• COLLECTED MATERIAL
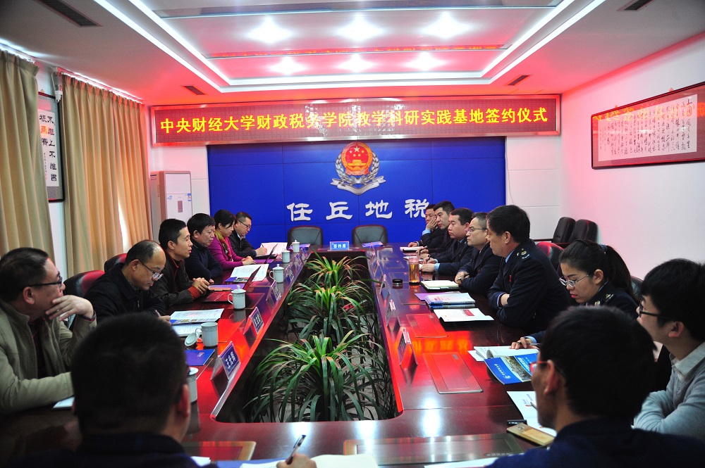 双方通过愉快的会谈,签署了合作意向书,以实现用更加宏观的视角看税收、更加专业的视角看税收和更加长远的眼光来看税收。学院将利用自身的智力资源,未来和任丘地税局在提升培训、课题研究、干部挂职锻炼、学生实习、党建活动等方面开展进一步的深入合作,力图在大数据治税和“互联网+”税收征管革命方面实现突破。
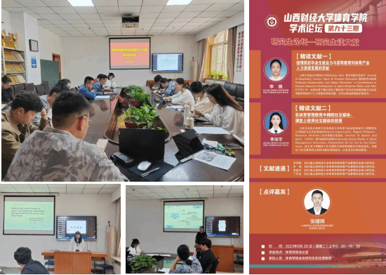 9月26日上午,beats365学术论坛第九十三期——研究生读文献在beats365会议室举办。此次论坛由体育产业管理专业硕士研究生2023级李佳宇和2021级李璐两位同学进行文献精讲,2022级刘宇婷、2023级关妮与2021级张逸杰、丁亦龙四位同学做文献速递。beats365教师张新英、刘铮,青年博士教师许磊、胡荣光、薛鹏飞及全体研究生通过线上与线下相结合的方式参与研讨交流。公司青年教师、哈尔滨beats365在读博士研究生张建辉担任本期论坛点评嘉宾,学院学科和研究生办公室主任王雁副教授主持论坛。
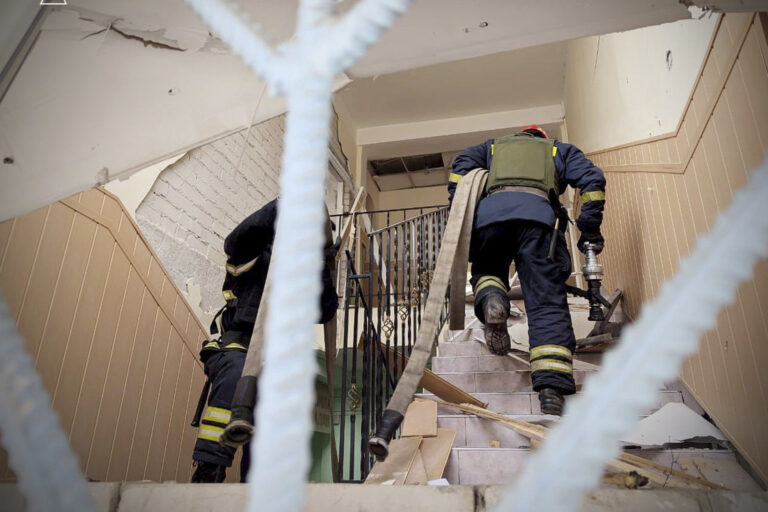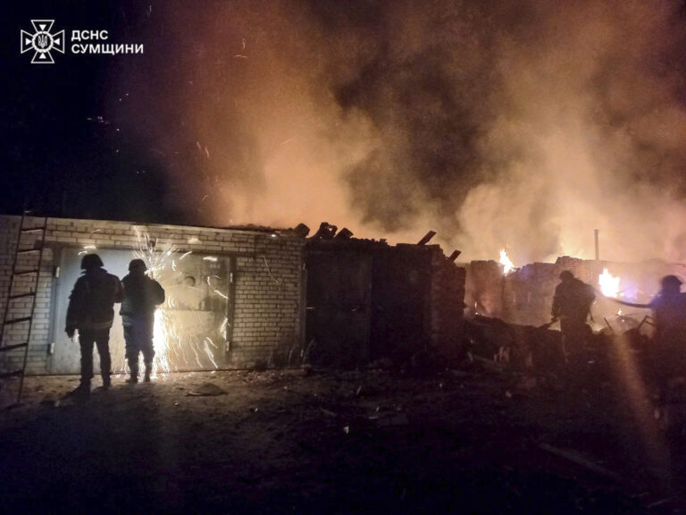 Na snímke poskytnutej ukrajinskou pohotovostnou službou vo štvrtok 13. marca 2025 hasiči pracujú na poškodenej budove po ruskom útoku v ukrajinskom meste Achtyrka. Foto: Ukrainian Emergency Service via AP
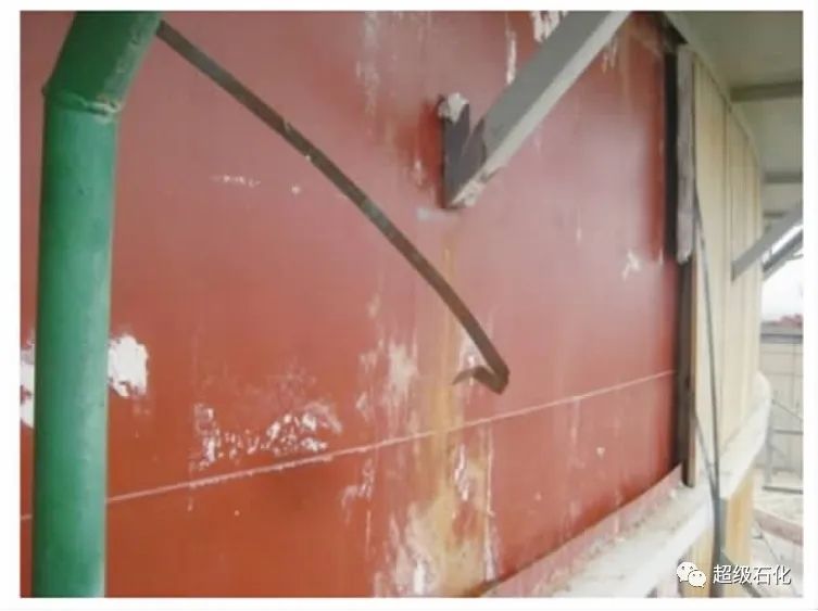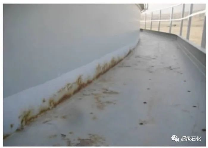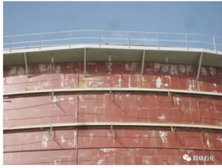 (5) 抗风圈踏板、扶梯的支撑等与罐壁焊接的附件位置,要做好与保温外护层的密封或采取导流措施,防止自然降雨通过支撑接触罐壁,造成保温层变潮湿进而形成腐蚀条件。

• WORK REQUEST
Quote the material exactly. Pictures stay out.

• ANSWER BELOW
 双方通过愉快的会谈,签署了合作意向书,以实现用更加宏观的视角看税收、更加专业的视角看税收和更加长远的眼光来看税收。学院将利用自身的智力资源,未来和任丘地税局在提升培训、课题研究、干部挂职锻炼、学生实习、党建活动等方面开展进一步的深入合作,力图在大数据治税和“互联网+”税收征管革命方面实现突破。
 9月26日上午,beats365学术论坛第九十三期——研究生读文献在beats365会议室举办。此次论坛由体育产业管理专业硕士研究生2023级李佳宇和2021级李璐两位同学进行文献精讲,2022级刘宇婷、2023级关妮与2021级张逸杰、丁亦龙四位同学做文献速递。beats365教师张新英、刘铮,青年博士教师许磊、胡荣光、薛鹏飞及全体研究生通过线上与线下相结合的方式参与研讨交流。公司青年教师、哈尔滨beats365在读博士研究生张建辉担任本期论坛点评嘉宾,学院学科和研究生办公室主任王雁副教授主持论坛。
 Na snímke poskytnutej ukrajinskou pohotovostnou službou vo štvrtok 13. marca 2025 hasiči pracujú na poškodenej budove po ruskom útoku v ukrajinskom meste Achtyrka. Foto: Ukrainian Emergency Service via AP
 (5) 抗风圈踏板、扶梯的支撑等与罐壁焊接的附件位置,要做好与保温外护层的密封或采取导流措施,防止自然降雨通过支撑接触罐壁,造成保温层变潮湿进而形成腐蚀条件。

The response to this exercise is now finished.